Everything from the line holding "Птица живёт в" to the last line of the material below must be retyped exactly, minus any pictures.

Supplied data:
========================================================================

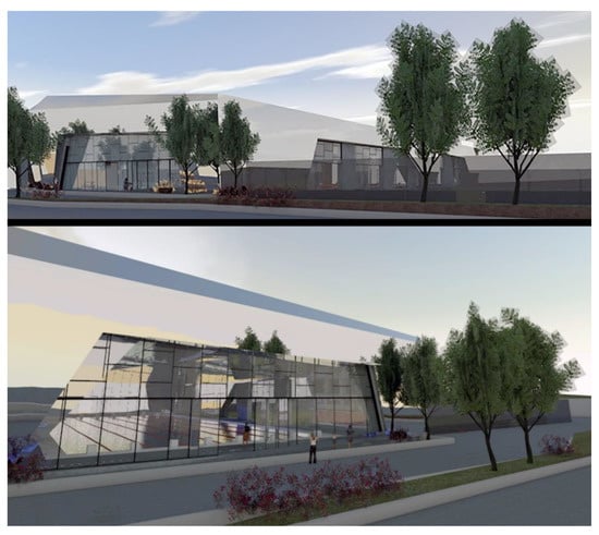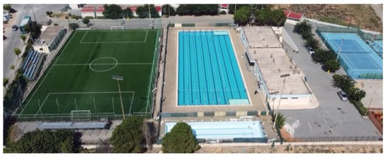 The municipal sports centre, constructed in 2002, contains a swimming pool centre, with two swimming pools, one of Olympic size (50 × 20 m) and a training one (25 × 6 m), two tennis courts, an 8 × 8 football ground and a basketball court (Figure 1). Currently, all the aforementioned facilities are outdoor facilities. The swimming pools are supported by a building which hosts the changing rooms for the swimming pool users, the administrative office, the reception, the medical service office, storage rooms and the engine room (pumps, circulators, and two oil heaters) in the building’s basement. More details on the building’s constructive elements and geometry are given in Section 5.2.2.
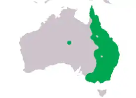 Птица живёт в светлых лесах, кустарнике, на полях и городских окраинах на востоке Австралии. На севере области распространения она — оседлая птица; на юге она мигрирует от высоко расположенных регионов к низине и обратно.
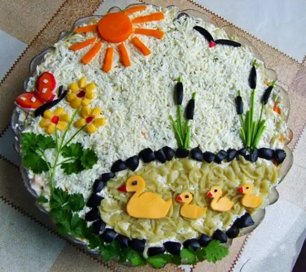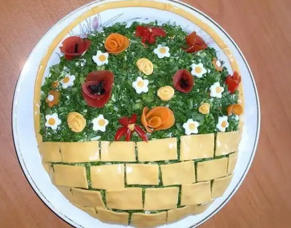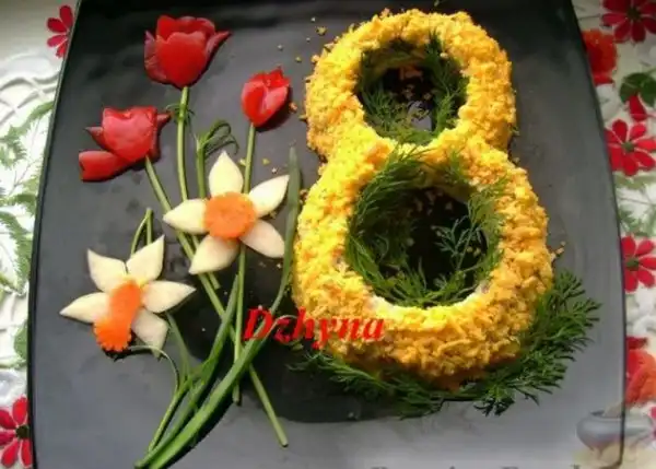 Идеи украшения салатов к 8 марта

========================================================================

Exercise solution:
 Птица живёт в светлых лесах, кустарнике, на полях и городских окраинах на востоке Австралии. На севере области распространения она — оседлая птица; на юге она мигрирует от высоко расположенных регионов к низине и обратно.
 Идеи украшения салатов к 8 марта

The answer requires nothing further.